ACTIVITY: Beginning at the line that contains "La zona giorno", reproduce the entries below exactly, ending with the line that contains "Argonauticeras produced an". Omit each picture.

EXERCISE MATERIALS:
● ● ●

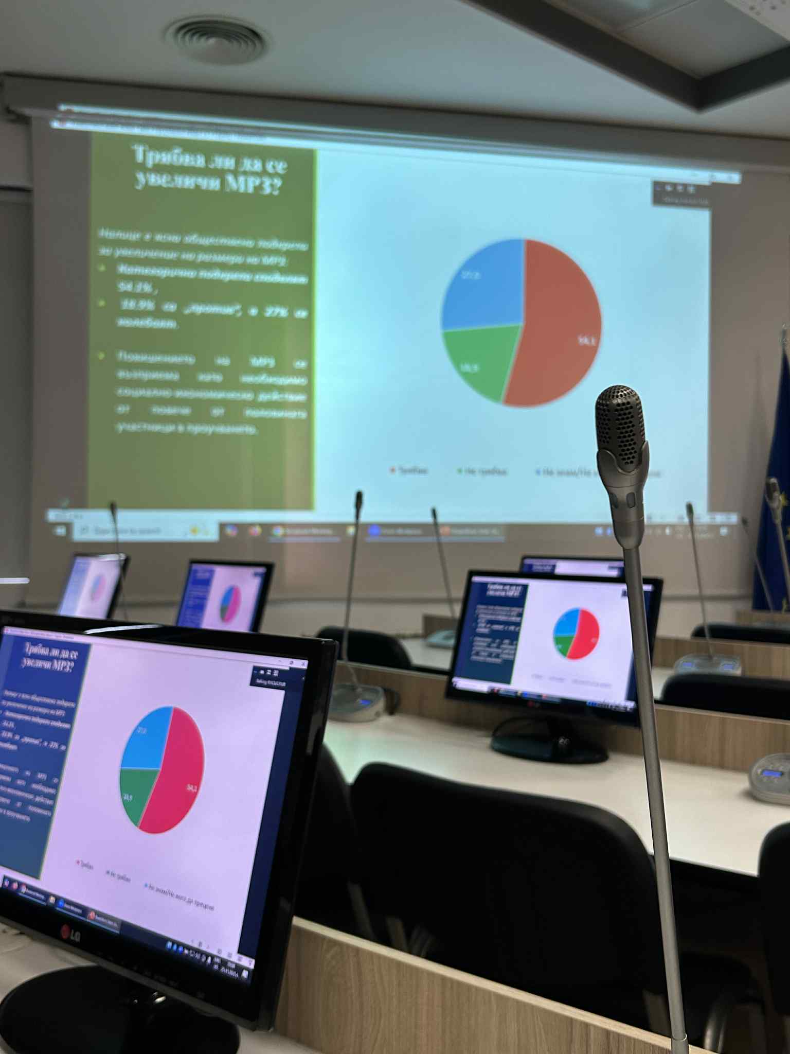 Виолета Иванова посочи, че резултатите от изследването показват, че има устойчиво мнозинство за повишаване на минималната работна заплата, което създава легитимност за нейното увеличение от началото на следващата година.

● ● ●

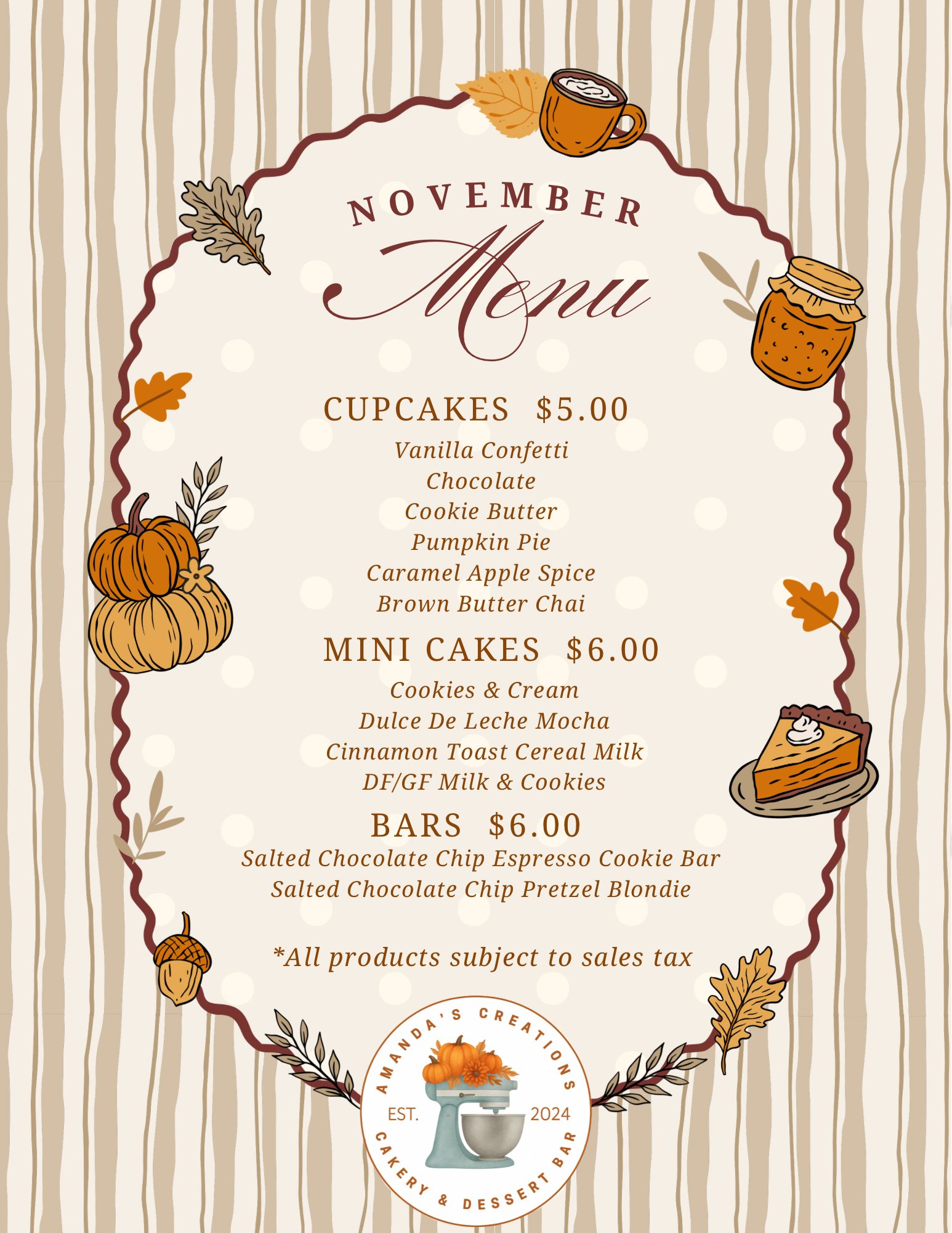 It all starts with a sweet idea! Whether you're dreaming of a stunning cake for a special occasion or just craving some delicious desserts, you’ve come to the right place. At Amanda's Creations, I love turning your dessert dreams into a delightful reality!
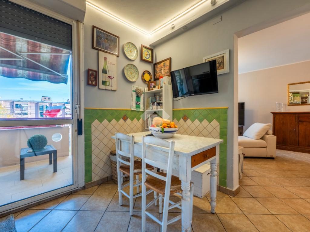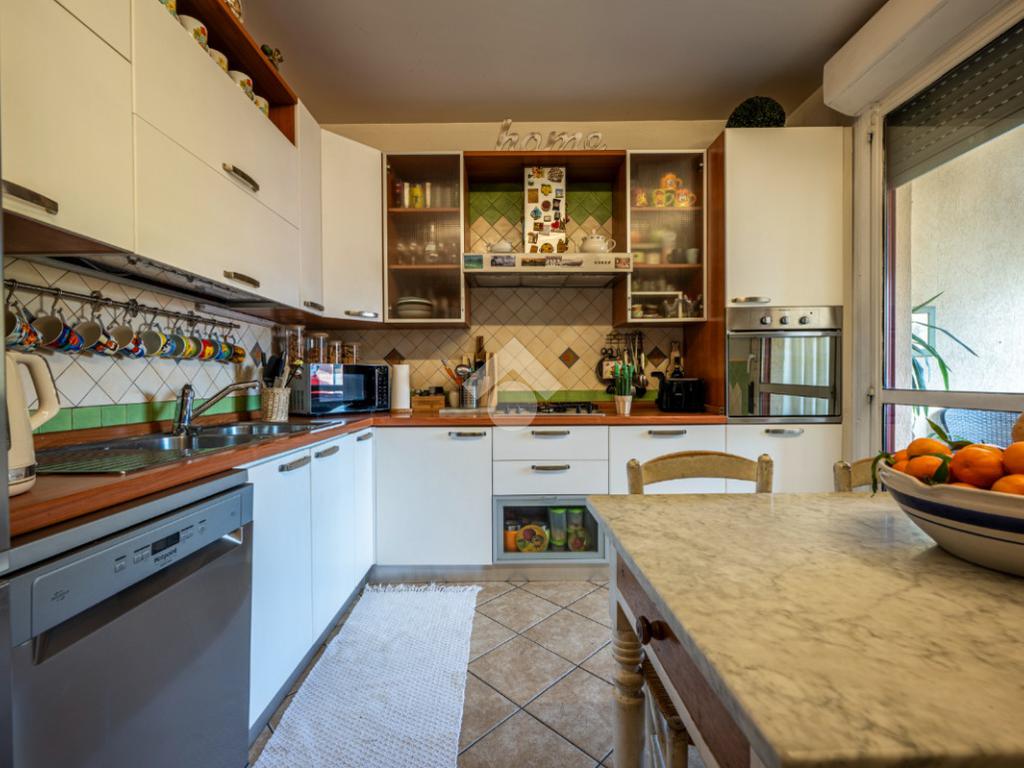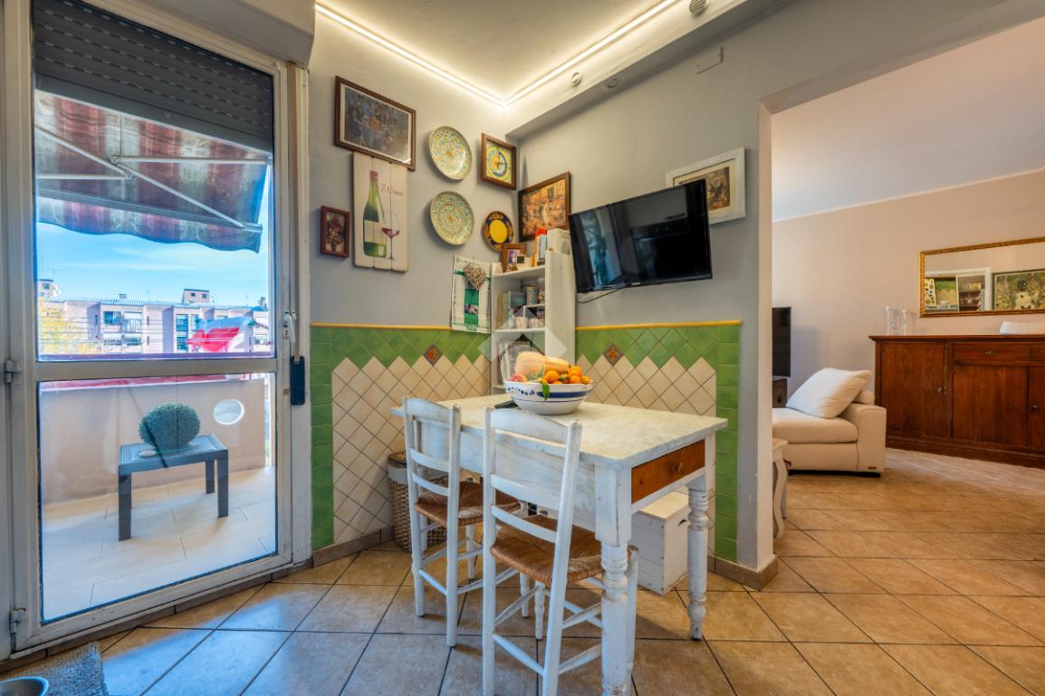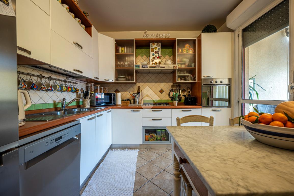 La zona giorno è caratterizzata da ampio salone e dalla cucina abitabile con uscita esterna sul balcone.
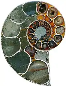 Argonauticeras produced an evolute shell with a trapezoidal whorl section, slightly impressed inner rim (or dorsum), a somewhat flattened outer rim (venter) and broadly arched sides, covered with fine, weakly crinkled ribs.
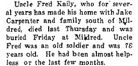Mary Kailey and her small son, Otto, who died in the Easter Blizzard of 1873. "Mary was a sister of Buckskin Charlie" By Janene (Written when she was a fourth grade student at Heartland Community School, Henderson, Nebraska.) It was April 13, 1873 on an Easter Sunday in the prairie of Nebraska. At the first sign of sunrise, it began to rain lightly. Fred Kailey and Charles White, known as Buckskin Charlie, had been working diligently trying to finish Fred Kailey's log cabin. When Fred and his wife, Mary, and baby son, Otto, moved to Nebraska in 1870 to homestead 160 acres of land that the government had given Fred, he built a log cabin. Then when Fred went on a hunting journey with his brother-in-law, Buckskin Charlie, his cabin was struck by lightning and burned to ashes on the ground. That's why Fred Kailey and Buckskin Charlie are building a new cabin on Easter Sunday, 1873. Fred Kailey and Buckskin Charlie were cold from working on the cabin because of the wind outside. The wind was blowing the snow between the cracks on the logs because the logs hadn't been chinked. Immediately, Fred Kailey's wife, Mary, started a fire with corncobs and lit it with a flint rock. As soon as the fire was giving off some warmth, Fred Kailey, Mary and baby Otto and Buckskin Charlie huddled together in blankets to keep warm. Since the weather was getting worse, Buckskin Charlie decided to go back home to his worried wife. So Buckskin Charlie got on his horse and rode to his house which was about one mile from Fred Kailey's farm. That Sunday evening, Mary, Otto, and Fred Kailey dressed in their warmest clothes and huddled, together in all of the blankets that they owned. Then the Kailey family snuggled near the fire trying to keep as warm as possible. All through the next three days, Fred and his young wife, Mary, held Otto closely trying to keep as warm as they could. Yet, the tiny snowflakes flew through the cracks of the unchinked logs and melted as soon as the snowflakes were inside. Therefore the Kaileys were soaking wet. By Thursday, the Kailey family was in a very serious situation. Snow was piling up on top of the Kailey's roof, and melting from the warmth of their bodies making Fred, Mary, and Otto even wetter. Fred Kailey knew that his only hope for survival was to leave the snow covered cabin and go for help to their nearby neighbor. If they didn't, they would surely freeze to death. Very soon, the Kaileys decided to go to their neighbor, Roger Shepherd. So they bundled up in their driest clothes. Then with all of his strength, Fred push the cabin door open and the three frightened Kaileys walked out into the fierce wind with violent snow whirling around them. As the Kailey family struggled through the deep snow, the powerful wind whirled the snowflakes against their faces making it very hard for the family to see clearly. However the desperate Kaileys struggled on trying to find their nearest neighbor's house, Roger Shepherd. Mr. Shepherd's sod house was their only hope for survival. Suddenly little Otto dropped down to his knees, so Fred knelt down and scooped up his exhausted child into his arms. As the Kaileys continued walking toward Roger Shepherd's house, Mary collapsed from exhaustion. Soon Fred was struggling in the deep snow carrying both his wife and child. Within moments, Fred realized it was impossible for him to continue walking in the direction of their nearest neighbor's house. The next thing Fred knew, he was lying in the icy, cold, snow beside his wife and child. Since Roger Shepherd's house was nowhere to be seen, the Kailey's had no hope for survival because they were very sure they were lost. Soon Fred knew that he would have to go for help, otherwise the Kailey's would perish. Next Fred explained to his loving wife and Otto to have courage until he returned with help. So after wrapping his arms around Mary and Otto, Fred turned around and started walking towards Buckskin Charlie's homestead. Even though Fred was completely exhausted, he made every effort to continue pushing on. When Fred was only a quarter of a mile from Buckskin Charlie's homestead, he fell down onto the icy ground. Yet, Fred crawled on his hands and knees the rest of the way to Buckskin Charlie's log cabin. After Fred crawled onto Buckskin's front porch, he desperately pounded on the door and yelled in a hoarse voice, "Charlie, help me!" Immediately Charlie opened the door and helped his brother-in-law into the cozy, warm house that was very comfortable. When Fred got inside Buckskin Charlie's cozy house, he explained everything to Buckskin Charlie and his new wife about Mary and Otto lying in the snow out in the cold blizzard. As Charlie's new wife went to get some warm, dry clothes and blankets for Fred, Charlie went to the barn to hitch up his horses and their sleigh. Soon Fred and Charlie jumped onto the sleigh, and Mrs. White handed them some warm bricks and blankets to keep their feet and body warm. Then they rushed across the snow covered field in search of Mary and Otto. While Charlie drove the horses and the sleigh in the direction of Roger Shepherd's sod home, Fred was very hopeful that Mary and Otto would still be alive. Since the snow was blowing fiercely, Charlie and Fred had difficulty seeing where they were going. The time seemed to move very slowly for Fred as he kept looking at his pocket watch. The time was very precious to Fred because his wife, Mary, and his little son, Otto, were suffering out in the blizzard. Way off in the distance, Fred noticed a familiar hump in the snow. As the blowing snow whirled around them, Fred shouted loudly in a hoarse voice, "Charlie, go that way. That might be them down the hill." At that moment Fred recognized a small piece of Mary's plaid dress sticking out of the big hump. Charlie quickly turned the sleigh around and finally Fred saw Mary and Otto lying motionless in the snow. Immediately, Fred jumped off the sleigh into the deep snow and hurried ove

● ● ●

EXERCISE RESULT:
 La zona giorno è caratterizzata da ampio salone e dalla cucina abitabile con uscita esterna sul balcone.
 Argonauticeras produced an evolute shell with a trapezoidal whorl section, slightly impressed inner rim (or dorsum), a somewhat flattened outer rim (venter) and broadly arched sides, covered with fine, weakly crinkled ribs.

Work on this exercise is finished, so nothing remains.